Our body shouts when our emotions are silenced

The physical manifestation of the same ailment or illness will develop differently depending on the state of mind we face it from. In the case of diseases like cancer or fibromyalgia, it has been shown that learning to manage the emotions and find emotional balance helps with recovery.

An important concept related to the inability to express our emotions is alexithymia. It describes a set of symptoms observed in people with psychosomatic illnesses and manifests as difficulty with identifying and describing emotions, as well as an impoverished inner fantasy life.

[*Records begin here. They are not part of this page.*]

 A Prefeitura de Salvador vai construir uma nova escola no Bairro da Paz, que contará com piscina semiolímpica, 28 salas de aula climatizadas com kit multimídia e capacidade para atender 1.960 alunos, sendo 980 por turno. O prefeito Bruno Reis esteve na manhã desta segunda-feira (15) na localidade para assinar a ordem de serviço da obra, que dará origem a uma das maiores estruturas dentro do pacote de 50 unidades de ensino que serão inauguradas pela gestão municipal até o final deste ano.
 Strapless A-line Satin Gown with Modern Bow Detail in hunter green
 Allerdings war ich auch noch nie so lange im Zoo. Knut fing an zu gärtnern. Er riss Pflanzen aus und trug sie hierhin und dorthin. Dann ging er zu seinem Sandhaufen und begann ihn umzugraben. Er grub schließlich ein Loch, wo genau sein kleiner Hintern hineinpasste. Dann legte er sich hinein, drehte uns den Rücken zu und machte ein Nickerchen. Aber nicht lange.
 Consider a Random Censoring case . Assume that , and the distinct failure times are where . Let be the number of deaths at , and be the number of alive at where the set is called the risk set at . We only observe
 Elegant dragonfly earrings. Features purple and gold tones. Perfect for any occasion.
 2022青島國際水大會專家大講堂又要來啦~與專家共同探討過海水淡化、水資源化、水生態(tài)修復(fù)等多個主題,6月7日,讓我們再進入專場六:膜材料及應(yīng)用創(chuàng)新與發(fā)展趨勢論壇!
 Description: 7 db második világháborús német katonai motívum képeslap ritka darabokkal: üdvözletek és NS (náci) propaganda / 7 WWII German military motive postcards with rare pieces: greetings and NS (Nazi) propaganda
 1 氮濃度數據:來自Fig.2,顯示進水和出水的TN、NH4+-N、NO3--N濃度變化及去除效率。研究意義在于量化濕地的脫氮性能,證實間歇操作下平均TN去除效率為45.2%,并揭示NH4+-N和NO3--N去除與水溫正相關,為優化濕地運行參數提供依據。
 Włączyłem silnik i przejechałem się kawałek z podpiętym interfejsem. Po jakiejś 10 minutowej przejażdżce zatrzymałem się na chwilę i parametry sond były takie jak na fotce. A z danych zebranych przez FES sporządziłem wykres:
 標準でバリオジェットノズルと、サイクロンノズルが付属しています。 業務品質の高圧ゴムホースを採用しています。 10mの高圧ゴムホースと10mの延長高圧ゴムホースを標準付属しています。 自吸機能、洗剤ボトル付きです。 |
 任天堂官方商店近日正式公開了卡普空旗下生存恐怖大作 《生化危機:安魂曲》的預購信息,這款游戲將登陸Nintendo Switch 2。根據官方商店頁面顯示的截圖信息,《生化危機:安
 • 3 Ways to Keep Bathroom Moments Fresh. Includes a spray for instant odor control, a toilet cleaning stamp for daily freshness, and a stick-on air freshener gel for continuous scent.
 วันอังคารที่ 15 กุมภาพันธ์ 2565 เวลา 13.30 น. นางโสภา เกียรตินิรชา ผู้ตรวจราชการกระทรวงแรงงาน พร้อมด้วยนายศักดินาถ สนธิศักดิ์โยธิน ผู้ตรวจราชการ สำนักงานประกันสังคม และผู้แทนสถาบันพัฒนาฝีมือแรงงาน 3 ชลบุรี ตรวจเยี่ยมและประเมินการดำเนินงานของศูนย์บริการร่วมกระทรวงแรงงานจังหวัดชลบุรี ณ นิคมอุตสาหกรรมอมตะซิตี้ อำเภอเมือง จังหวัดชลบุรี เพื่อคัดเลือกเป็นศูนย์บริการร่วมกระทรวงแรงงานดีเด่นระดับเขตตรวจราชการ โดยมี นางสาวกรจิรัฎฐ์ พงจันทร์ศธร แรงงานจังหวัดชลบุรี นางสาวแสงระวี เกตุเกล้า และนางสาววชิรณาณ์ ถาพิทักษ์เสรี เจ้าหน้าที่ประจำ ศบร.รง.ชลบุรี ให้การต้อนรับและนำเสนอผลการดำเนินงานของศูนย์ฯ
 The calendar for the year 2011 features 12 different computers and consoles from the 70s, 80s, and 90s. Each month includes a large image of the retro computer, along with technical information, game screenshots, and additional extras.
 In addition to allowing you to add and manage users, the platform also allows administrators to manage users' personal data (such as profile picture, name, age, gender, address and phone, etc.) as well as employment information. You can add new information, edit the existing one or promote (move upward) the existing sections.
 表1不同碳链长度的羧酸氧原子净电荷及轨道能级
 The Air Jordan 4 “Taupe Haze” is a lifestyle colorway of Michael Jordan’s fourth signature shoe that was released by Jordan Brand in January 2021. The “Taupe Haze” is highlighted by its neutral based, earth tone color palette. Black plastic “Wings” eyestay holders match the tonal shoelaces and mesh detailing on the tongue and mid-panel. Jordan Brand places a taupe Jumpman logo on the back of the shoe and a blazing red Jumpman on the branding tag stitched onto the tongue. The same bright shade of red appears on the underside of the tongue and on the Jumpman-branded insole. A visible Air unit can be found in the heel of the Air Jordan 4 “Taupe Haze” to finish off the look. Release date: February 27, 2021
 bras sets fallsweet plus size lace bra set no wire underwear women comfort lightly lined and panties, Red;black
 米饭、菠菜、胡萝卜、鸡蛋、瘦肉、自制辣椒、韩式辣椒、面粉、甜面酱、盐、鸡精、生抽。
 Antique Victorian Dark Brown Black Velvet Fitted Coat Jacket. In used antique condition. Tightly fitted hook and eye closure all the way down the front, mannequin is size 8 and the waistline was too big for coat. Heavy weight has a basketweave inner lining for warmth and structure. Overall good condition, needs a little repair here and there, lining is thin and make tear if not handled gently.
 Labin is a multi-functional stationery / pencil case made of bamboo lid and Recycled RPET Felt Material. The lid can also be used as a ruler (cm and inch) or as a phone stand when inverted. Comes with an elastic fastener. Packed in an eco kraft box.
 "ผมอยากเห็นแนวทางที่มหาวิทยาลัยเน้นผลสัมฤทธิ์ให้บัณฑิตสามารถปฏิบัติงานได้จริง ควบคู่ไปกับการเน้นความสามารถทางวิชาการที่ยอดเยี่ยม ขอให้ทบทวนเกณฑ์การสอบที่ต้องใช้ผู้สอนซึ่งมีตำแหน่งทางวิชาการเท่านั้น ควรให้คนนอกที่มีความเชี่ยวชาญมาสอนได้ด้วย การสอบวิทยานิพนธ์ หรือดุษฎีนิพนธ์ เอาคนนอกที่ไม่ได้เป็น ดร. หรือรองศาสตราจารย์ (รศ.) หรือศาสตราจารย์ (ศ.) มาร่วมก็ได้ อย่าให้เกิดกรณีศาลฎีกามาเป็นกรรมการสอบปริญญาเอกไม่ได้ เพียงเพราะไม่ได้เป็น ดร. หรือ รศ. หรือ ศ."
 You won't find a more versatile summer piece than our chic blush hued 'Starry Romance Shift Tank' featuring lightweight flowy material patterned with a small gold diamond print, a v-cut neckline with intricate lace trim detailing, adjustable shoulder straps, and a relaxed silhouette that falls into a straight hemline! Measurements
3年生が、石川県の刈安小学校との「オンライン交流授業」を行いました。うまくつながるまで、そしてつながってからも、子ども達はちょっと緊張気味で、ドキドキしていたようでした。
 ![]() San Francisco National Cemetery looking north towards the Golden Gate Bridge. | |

The different causes of alexithymia include hereditary, genetic and neuronal characteristics, brain lesions and traumasPeople with alexithymia are often described by others, including their loved ones, as cold and distant. They lack empathic abilities and have great difficulty understanding or responding effectively to the feelings of other people.

Emotional repression

It has been suggested that people with alexithymia repress their emotions. This repression serves to keep painful or unpleasant experiences out of the conscious mind. Individuals use this as a defense strategy and therefore have less access to emotional memories, especially those of negative or unpleasant experiences.

Many people respond to threatening or serious illnesses by blocking their emotions, which is reflected in difficulties with recognizing or regulating their own emotions, with the aim of protecting themselves from suffering. But far from protecting us, this approach to emotions has serious clinical and social consequences. What the tongue silences, the body shouts.

We cause the majority of illnesses ourselves through unreleased emotions.